▸ Work item:
Output, exactly and with no pictures, the line that contains "遵守国家宪法和法律,政治素质" and every line that comes after it in the data below, the last one included.

▸ Information supplied:
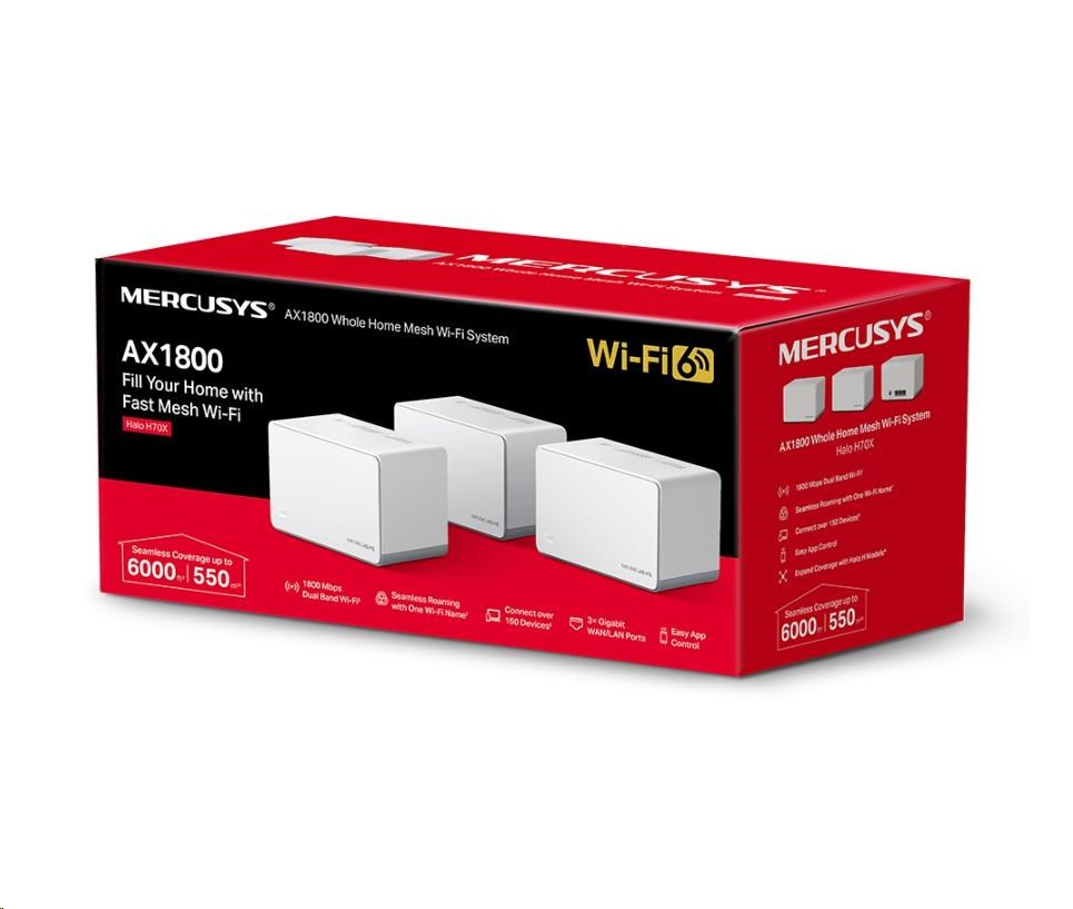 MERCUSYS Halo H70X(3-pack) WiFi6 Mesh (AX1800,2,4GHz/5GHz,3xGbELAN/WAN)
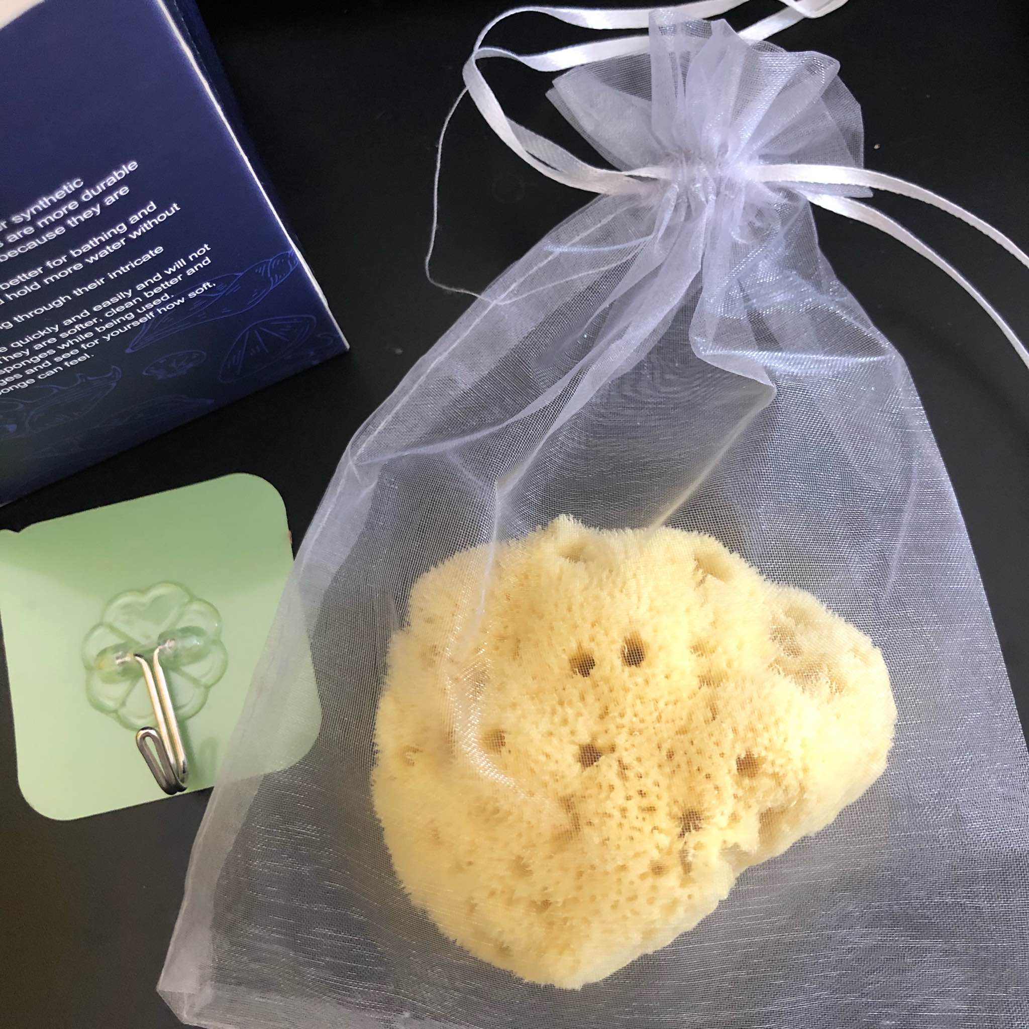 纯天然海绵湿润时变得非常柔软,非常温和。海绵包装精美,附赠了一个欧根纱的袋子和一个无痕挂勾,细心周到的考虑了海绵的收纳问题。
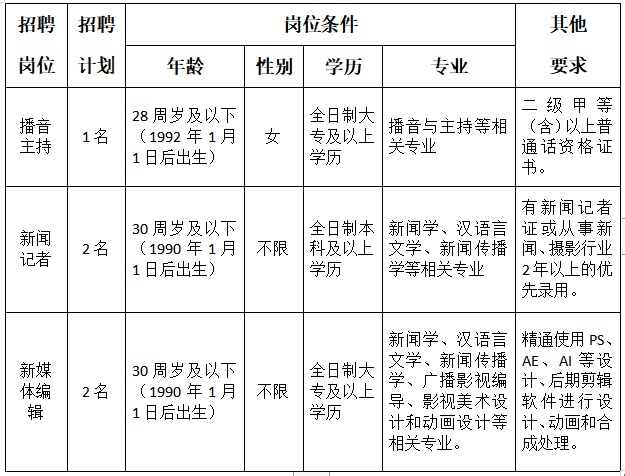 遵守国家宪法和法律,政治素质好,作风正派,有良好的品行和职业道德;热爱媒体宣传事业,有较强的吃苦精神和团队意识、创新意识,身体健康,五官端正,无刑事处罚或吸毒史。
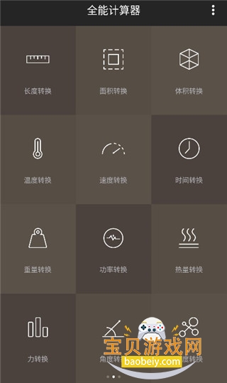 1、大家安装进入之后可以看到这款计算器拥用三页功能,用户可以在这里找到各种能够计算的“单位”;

▸ Solution to this task:
 遵守国家宪法和法律,政治素质好,作风正派,有良好的品行和职业道德;热爱媒体宣传事业,有较强的吃苦精神和团队意识、创新意识,身体健康,五官端正,无刑事处罚或吸毒史。
 1、大家安装进入之后可以看到这款计算器拥用三页功能,用户可以在这里找到各种能够计算的“单位”;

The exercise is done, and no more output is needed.